Chapter 1

The secret is reviled

"Why?" I asked myself. "Just why did it have to be him?"

I don't know how many times I've asked myself that same question over and over again. Why did I have to fall in love with my brother's best friend? Just why him? He is a jerk, he's selfish and annoying, I just don't understand why I did fall for him.

Maybe because he has cute eyes…

Or maybe because he acts different when he's with me… But there is no way he likes me. He has a girlfriend. His girlfriend is what every guy, except my cousin, wants. But that's not all I bet he sees me like a little sister and nothing else. Oh how it hurt me.

The only thing I can do is stare at the back of his head, while no one else is looking. That is until the bell rings and it's time to be at another place.
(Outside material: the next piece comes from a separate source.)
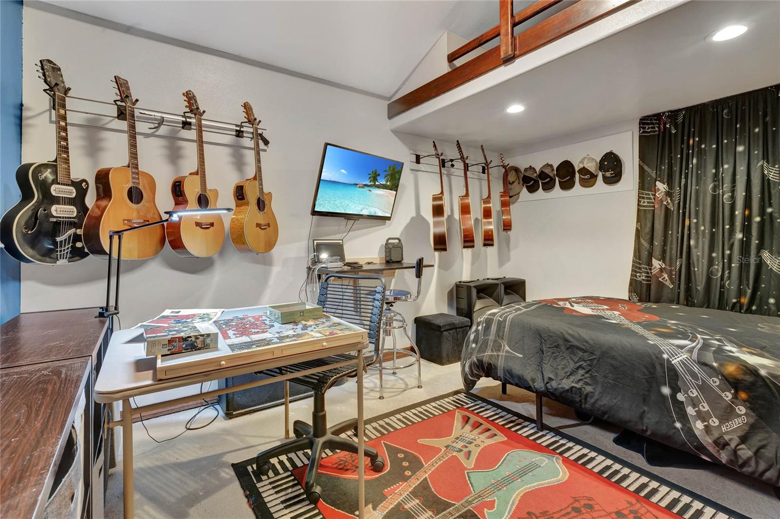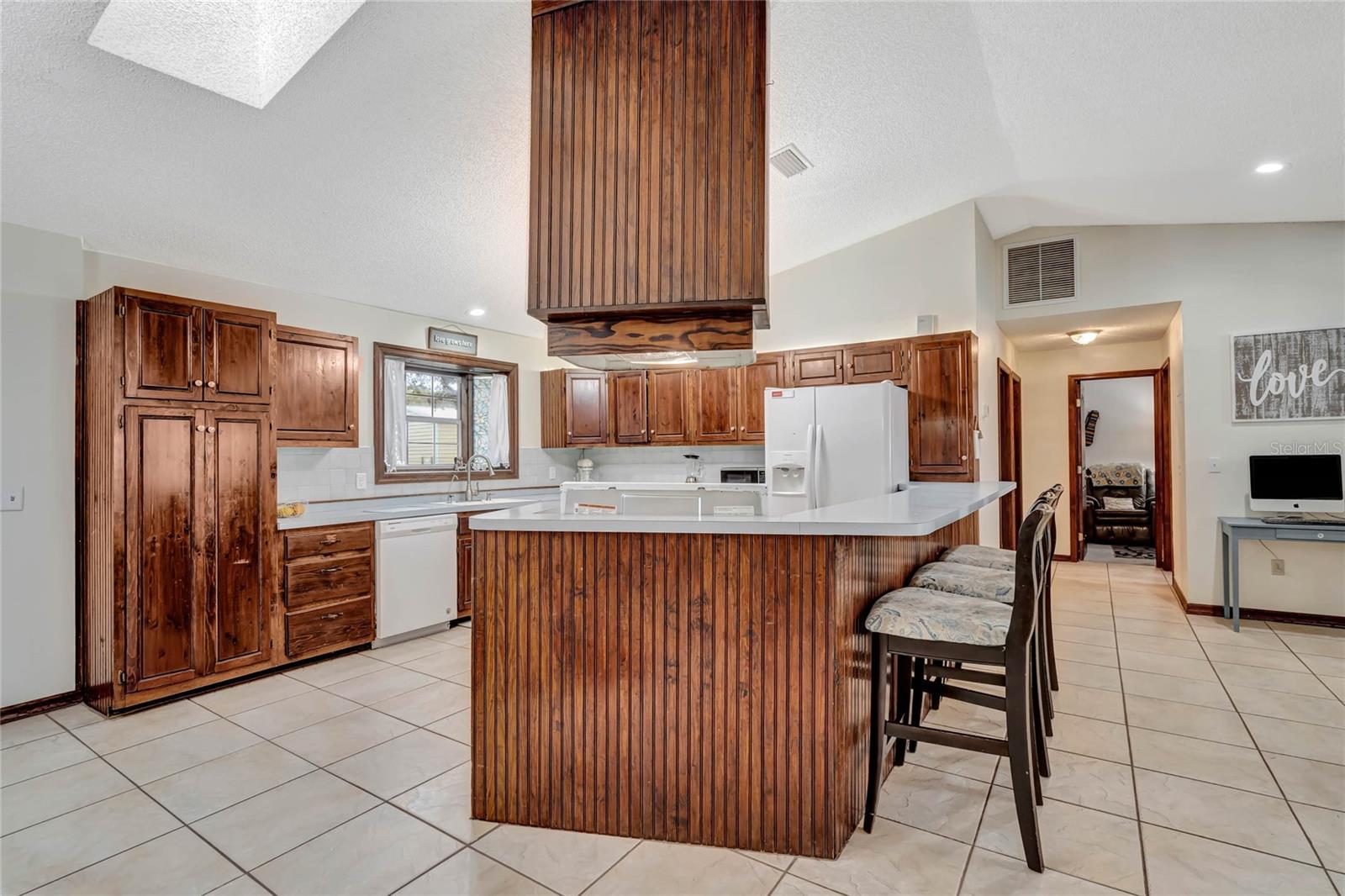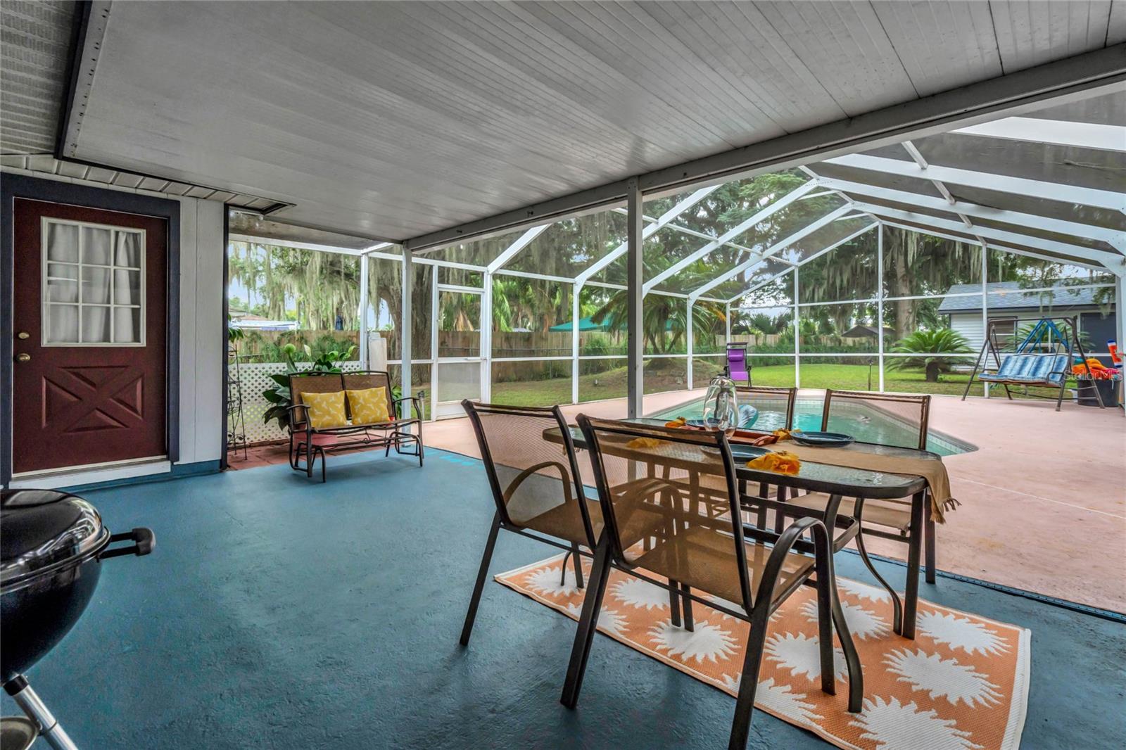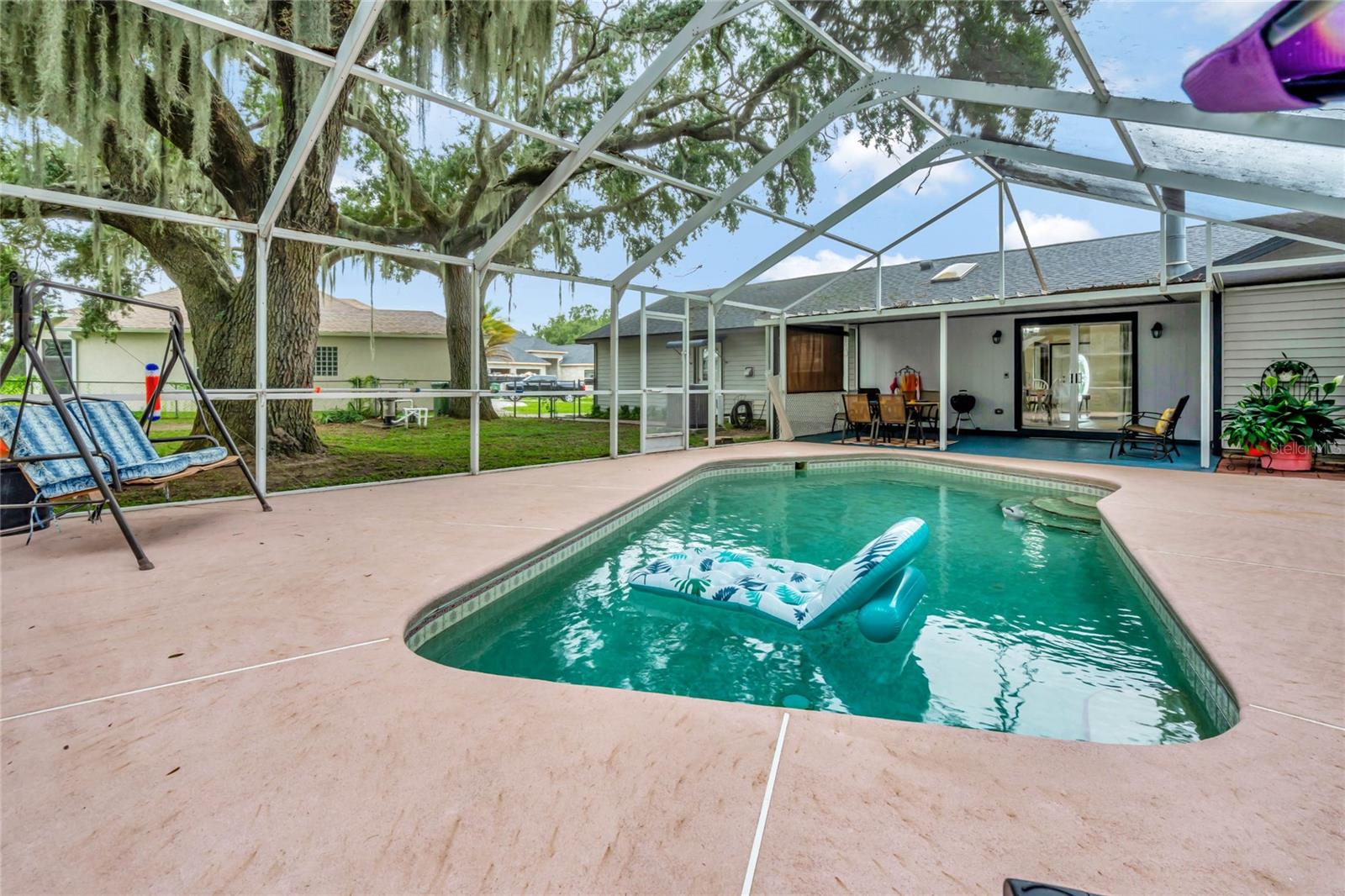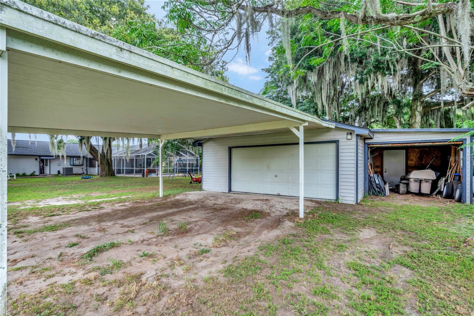 DREAM HOME ALERT! RV PARKING - BOAT PARKING - CHAIN OF LAKES PRIVATE ACCESS - POOL 2yr old new ROOF - 3 yr old new HVAC & DUCTS/with returns - 4 yr old HOT WATER HEATER Welcome to this stunning 3 bedroom plus bonus room/office/den, 2 bathroom home with an open split floor plan, complete with a screened in-ground pool and lanai. Situated on a spacious 0.57 acre lot, packed with amenities this large property still has plenty of room for a garden or other hobbies. This property also boasts a detached workshop/garage, providing ample space for all your hobbies and even a garden. Located in the coveted Water's Edge neighborhood, this home offers convenient access to Lake Griffin (part of the Harris Chain of Lakes) via private dock and boat ramp just a block away. Inside, the master suite includes a large office/flex room, while one of the spare bedrooms features a spacious loft, perfect for visitors or additional storage. The generous open floor plan encompasses a centrally located kitchen with an attached bar top, a dining area, a living room, and a step-up family room. Whether you're hosting an intimate gathering or a larger event, this layout accommodates it all. Natural light floods the main living area through a skylight and numerous large windows, enhancing the welcoming ambiance. For cozy evenings, a fireplace awaits in the living space. The 657-square-foot detached workshop/garage, equipped with electricity, is a hobbyist's dream, offering endless possibilities, from woodworking to car maintenance or boat storage. Automatic LED flood lights illuminate both the garage and the house, lighting up the yard from dusk to dawn. The chain-linked fence along the back of the house ensures the safety of your furry friends and all your cherished possessions. Ample parking is available both on the street and on the property. Additional features include a newer AC system for a comfortable indoor climate, a newer water heater (approx. 5 years old), a new roof (installed in 2022) providing peace of mind, updated plumbing in the kitchen, laundry room, and both bathrooms, as well as a reverse osmosis water filtration system for drinking water. For added convenience, the property includes generator hook-ups, ready for your generator to keep essential appliances and services running during power outages. This unique property in a beautiful neighborhood offers endless possibilities. Don't miss your chance to explore it in person!

There is only… one minute left for me to look at him and after that I had to pretend that I hated him… the hate that only a sister can give.

A shrill ring coming from the speakers interrupted my thoughts.

There goes the bell and everyone including myself started getting up to leave. "Hey Bells… back to planet earth?" Rosalie, one of my best friends, asked in a teasing tone. She was one of the few people who knew about my true feelings for Edward.

"Shut up, Rose," I growled making her laugh.

"Hey, are you guys coming or what?" I heard Edward say from behind me. He was so close to me that I could feel his hot breath tickle the back of my neck.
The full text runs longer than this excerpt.